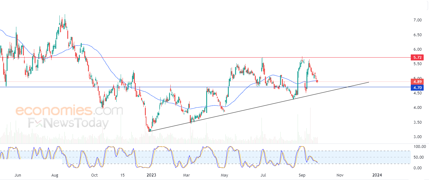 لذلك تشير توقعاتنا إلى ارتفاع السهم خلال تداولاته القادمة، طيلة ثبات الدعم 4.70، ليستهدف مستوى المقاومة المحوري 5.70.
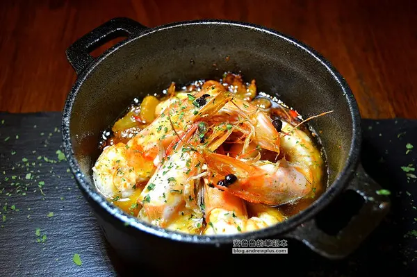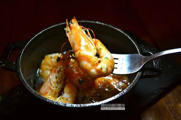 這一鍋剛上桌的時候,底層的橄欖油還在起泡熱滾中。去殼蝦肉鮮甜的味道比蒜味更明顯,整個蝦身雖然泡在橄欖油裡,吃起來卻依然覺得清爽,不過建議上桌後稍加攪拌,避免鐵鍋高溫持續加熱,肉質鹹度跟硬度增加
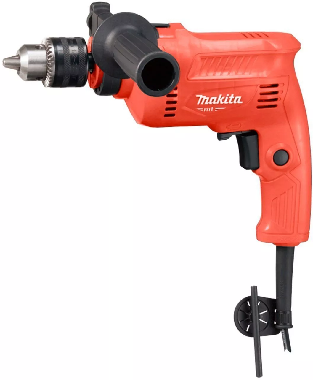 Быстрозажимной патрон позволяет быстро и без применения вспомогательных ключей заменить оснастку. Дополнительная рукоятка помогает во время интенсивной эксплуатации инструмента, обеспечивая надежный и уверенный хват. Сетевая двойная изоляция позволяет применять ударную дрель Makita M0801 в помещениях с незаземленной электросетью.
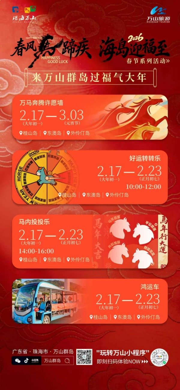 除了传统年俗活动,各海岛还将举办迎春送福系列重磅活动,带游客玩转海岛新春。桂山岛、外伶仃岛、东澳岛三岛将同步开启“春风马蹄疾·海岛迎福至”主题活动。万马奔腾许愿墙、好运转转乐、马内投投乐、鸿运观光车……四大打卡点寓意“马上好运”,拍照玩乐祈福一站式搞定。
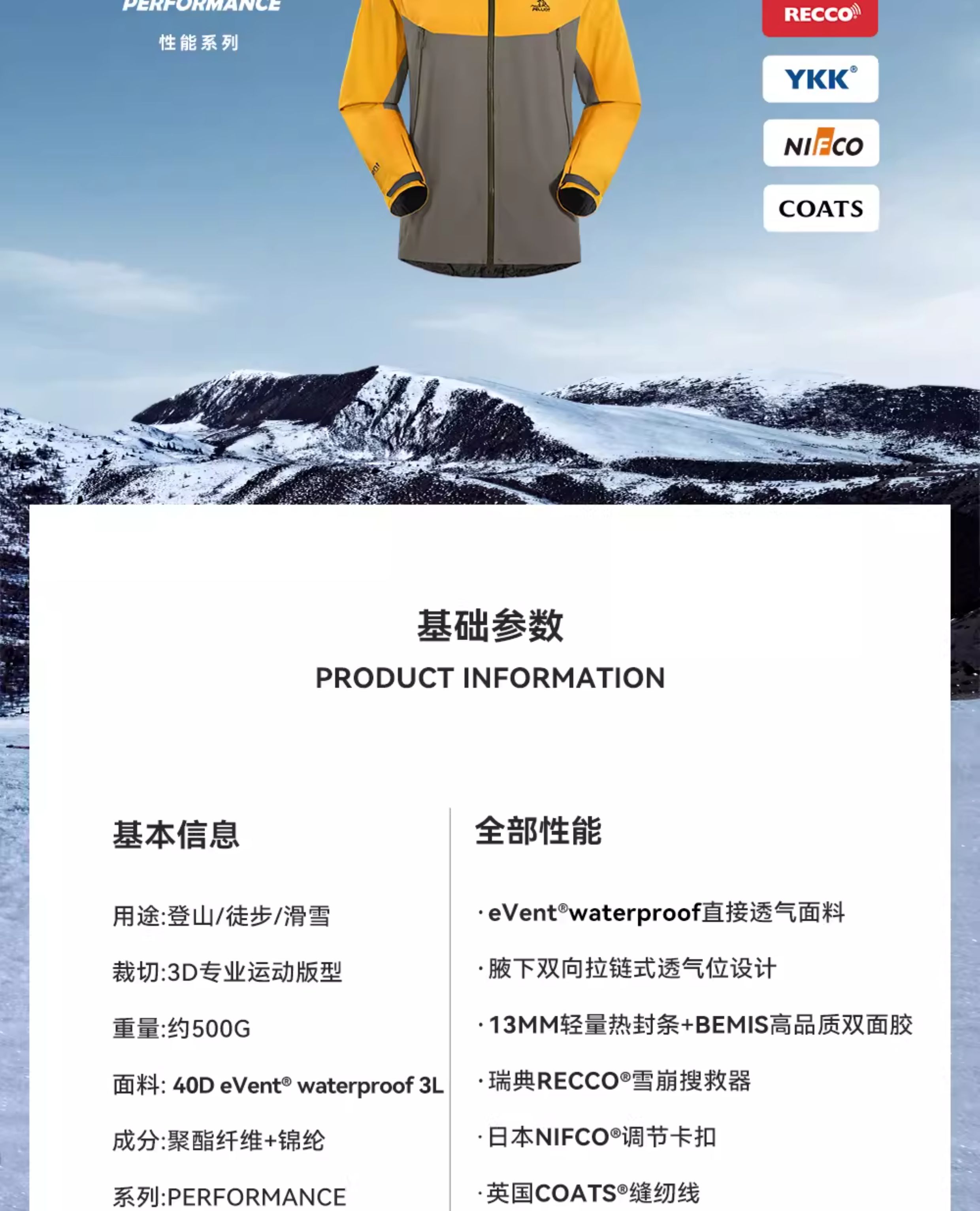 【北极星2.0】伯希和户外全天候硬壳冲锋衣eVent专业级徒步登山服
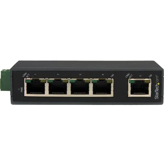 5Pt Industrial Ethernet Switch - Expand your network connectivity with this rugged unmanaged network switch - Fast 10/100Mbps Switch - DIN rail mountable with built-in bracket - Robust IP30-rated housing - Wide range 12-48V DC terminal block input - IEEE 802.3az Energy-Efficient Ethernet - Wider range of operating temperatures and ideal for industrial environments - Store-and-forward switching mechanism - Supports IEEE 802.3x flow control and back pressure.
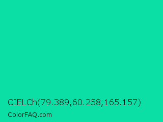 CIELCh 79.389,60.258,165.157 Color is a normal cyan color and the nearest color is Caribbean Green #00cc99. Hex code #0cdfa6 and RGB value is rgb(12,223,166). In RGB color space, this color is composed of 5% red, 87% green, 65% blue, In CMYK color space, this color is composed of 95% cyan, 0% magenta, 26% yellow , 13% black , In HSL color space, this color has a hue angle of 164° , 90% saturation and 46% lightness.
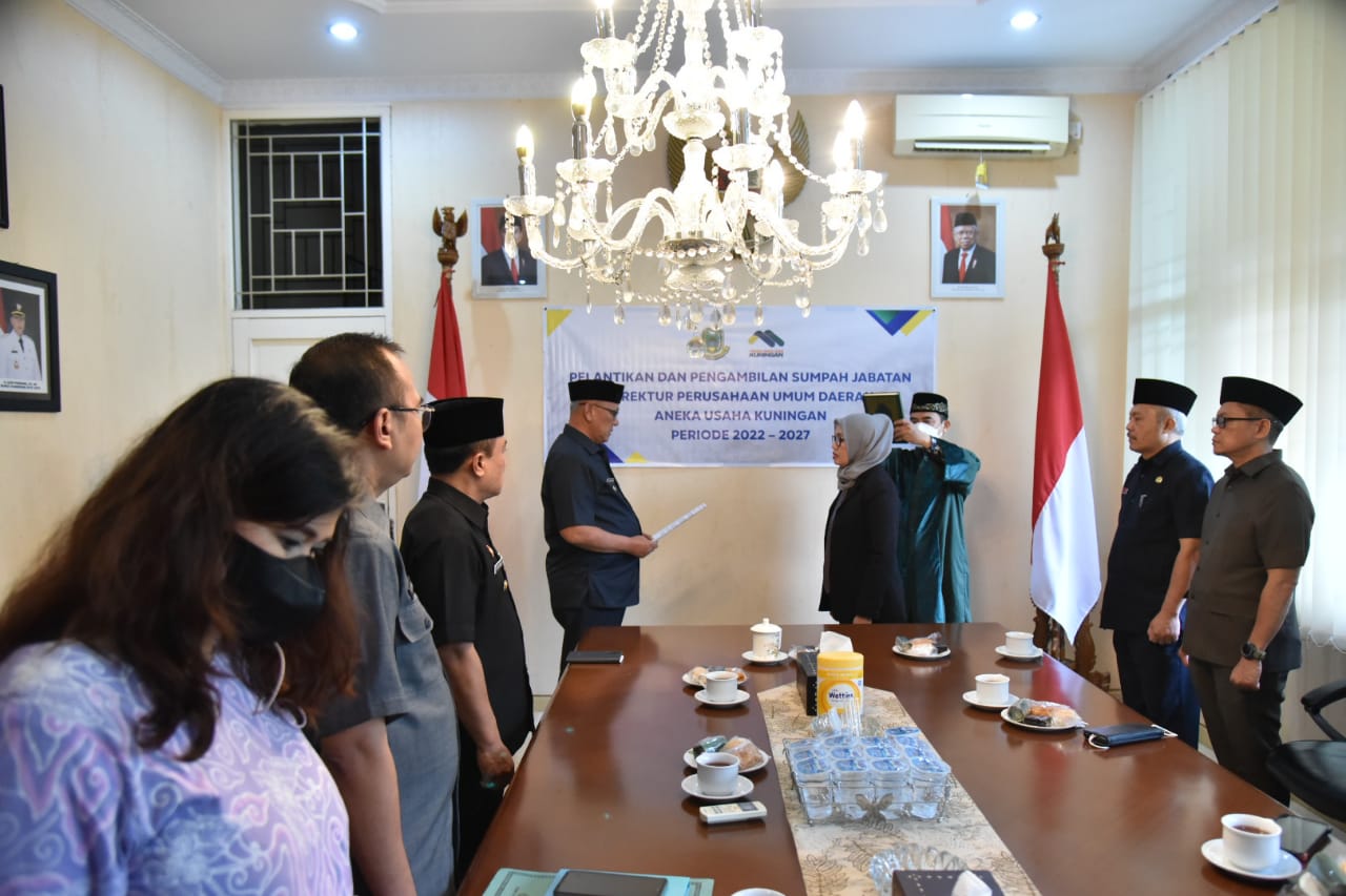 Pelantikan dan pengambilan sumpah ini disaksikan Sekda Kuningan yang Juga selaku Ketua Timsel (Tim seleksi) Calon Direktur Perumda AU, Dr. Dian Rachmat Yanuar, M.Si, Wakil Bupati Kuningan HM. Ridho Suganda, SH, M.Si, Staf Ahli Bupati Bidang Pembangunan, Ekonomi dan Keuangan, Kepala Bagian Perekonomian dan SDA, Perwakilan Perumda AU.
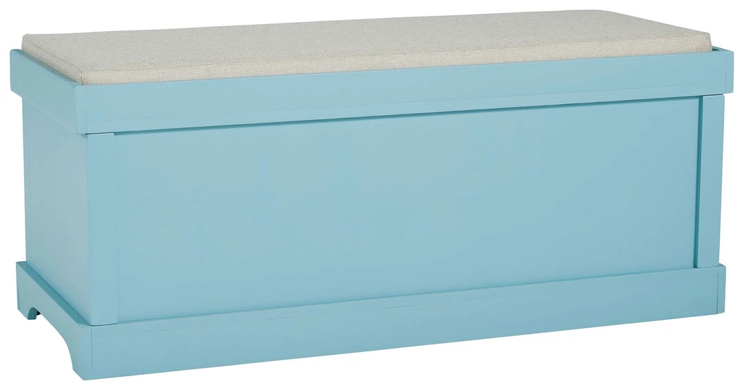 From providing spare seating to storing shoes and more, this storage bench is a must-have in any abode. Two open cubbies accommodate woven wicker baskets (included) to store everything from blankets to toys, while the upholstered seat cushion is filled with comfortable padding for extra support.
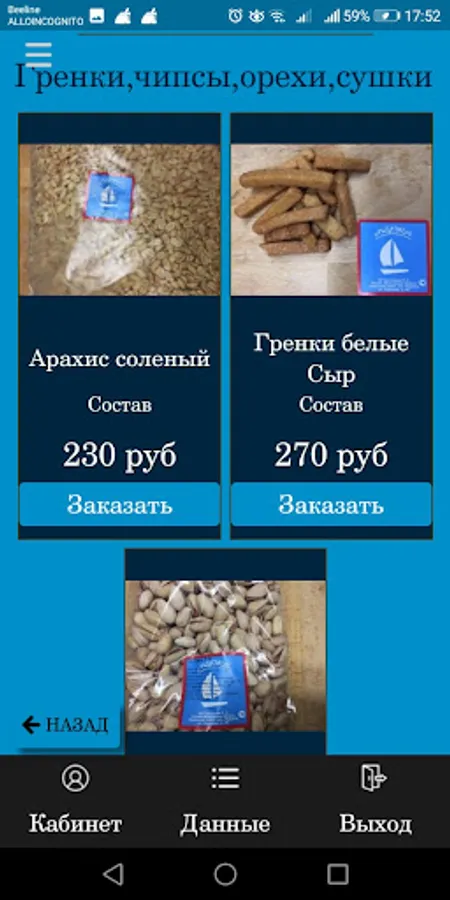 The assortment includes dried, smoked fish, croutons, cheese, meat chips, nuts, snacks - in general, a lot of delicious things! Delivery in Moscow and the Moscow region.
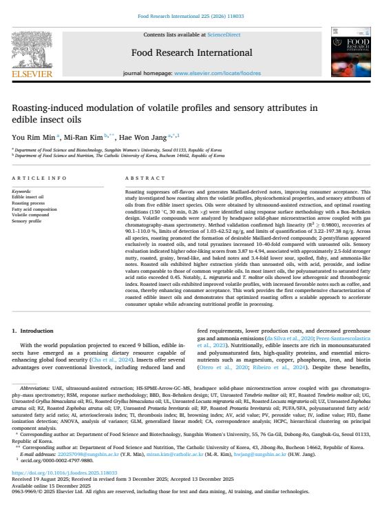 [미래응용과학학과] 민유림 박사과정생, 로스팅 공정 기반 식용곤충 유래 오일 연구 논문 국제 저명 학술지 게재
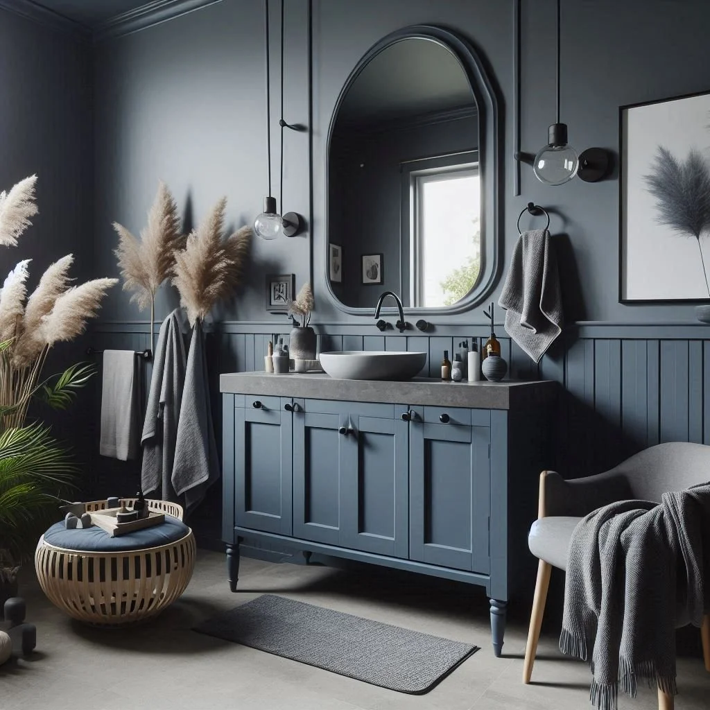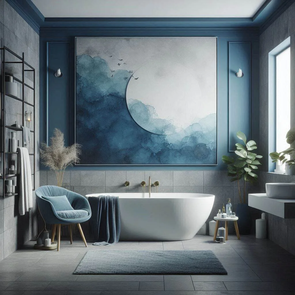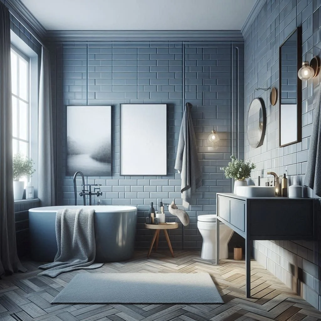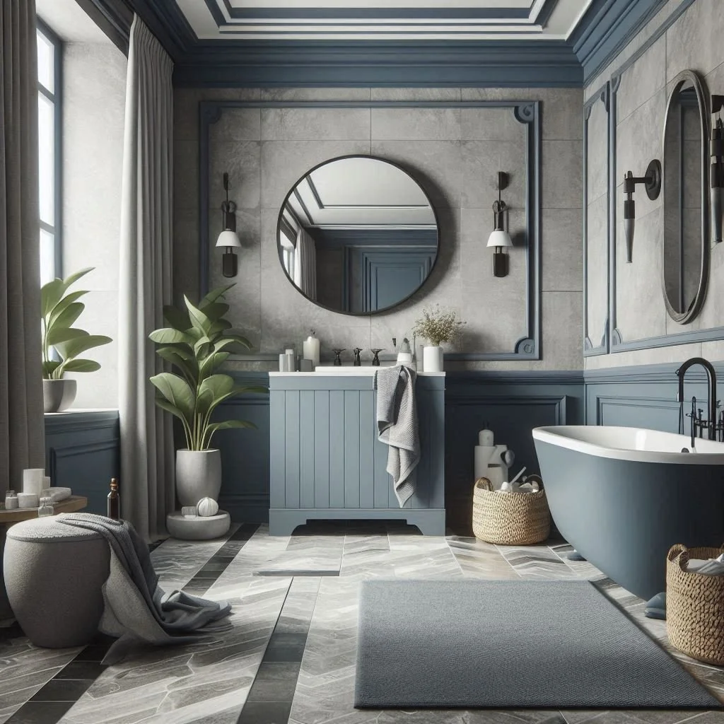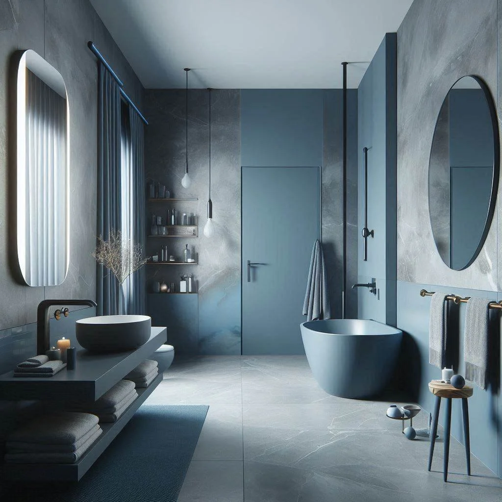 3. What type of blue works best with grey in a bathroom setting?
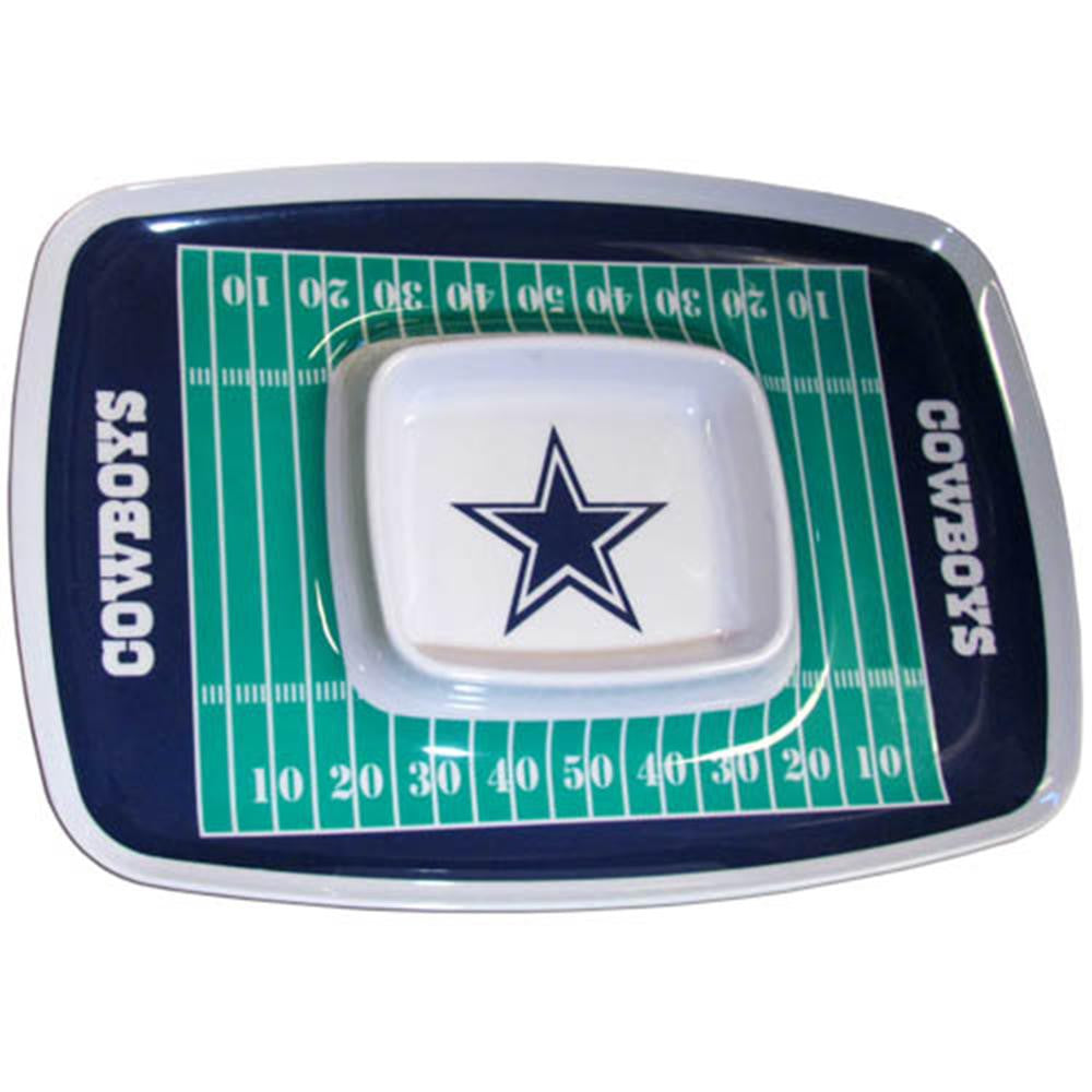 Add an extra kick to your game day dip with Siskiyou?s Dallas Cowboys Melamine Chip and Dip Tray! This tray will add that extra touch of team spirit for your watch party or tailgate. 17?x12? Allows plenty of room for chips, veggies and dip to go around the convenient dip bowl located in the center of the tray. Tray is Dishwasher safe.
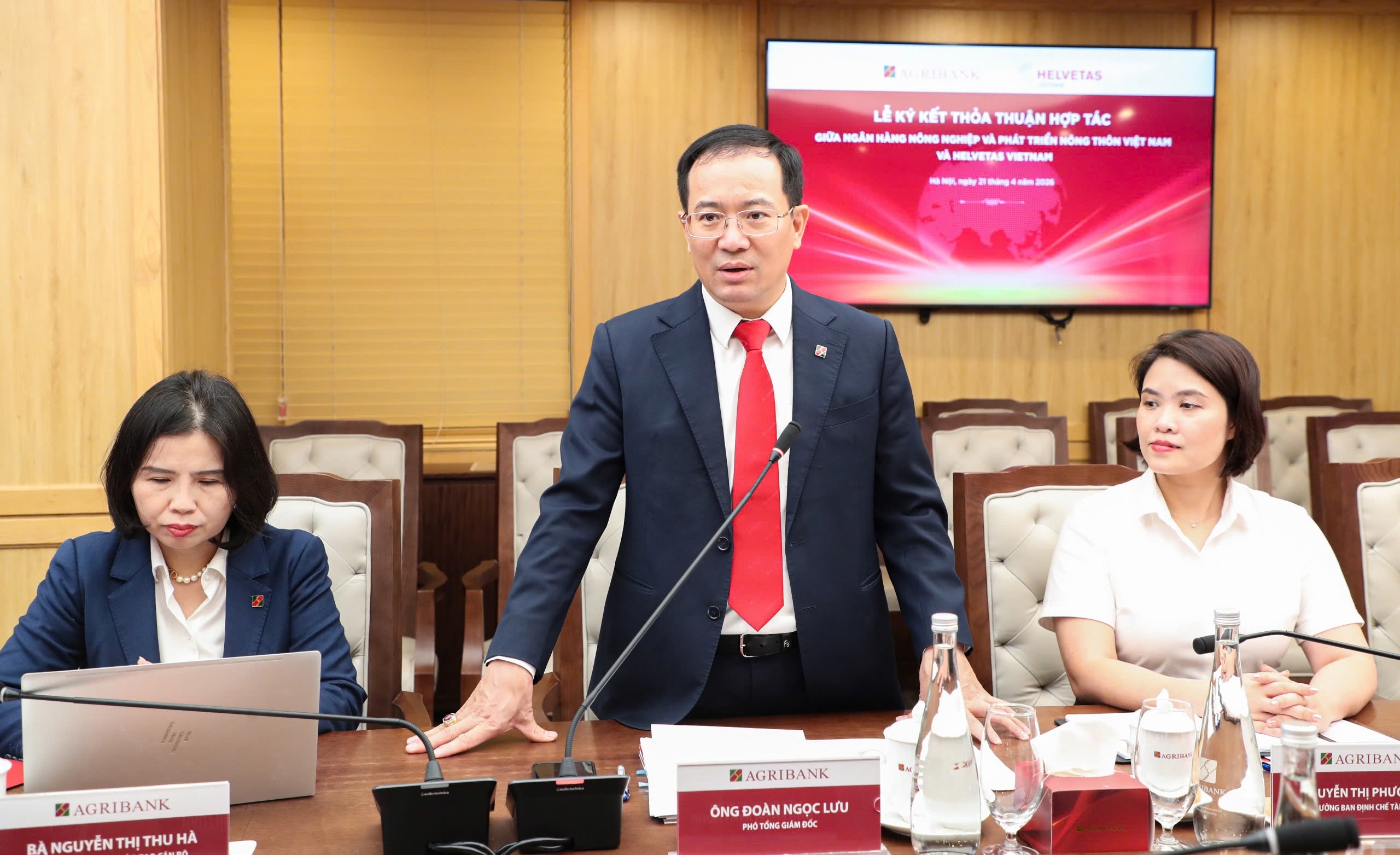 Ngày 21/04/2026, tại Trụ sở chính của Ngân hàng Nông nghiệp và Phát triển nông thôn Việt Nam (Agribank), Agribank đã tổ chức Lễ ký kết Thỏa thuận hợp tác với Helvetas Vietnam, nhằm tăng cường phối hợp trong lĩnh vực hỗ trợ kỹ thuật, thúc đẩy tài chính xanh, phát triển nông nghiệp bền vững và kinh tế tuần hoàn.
========
■ **About this exercise**
Whatever lies between the first line of the data and the line holding "Быстрозажимной патрон позволяет", inclusive, should be repeated exactly, apart from the pictures.

■ **Output of the task**
 لذلك تشير توقعاتنا إلى ارتفاع السهم خلال تداولاته القادمة، طيلة ثبات الدعم 4.70، ليستهدف مستوى المقاومة المحوري 5.70.
 這一鍋剛上桌的時候,底層的橄欖油還在起泡熱滾中。去殼蝦肉鮮甜的味道比蒜味更明顯,整個蝦身雖然泡在橄欖油裡,吃起來卻依然覺得清爽,不過建議上桌後稍加攪拌,避免鐵鍋高溫持續加熱,肉質鹹度跟硬度增加
 Быстрозажимной патрон позволяет быстро и без применения вспомогательных ключей заменить оснастку. Дополнительная рукоятка помогает во время интенсивной эксплуатации инструмента, обеспечивая надежный и уверенный хват. Сетевая двойная изоляция позволяет применять ударную дрель Makita M0801 в помещениях с незаземленной электросетью.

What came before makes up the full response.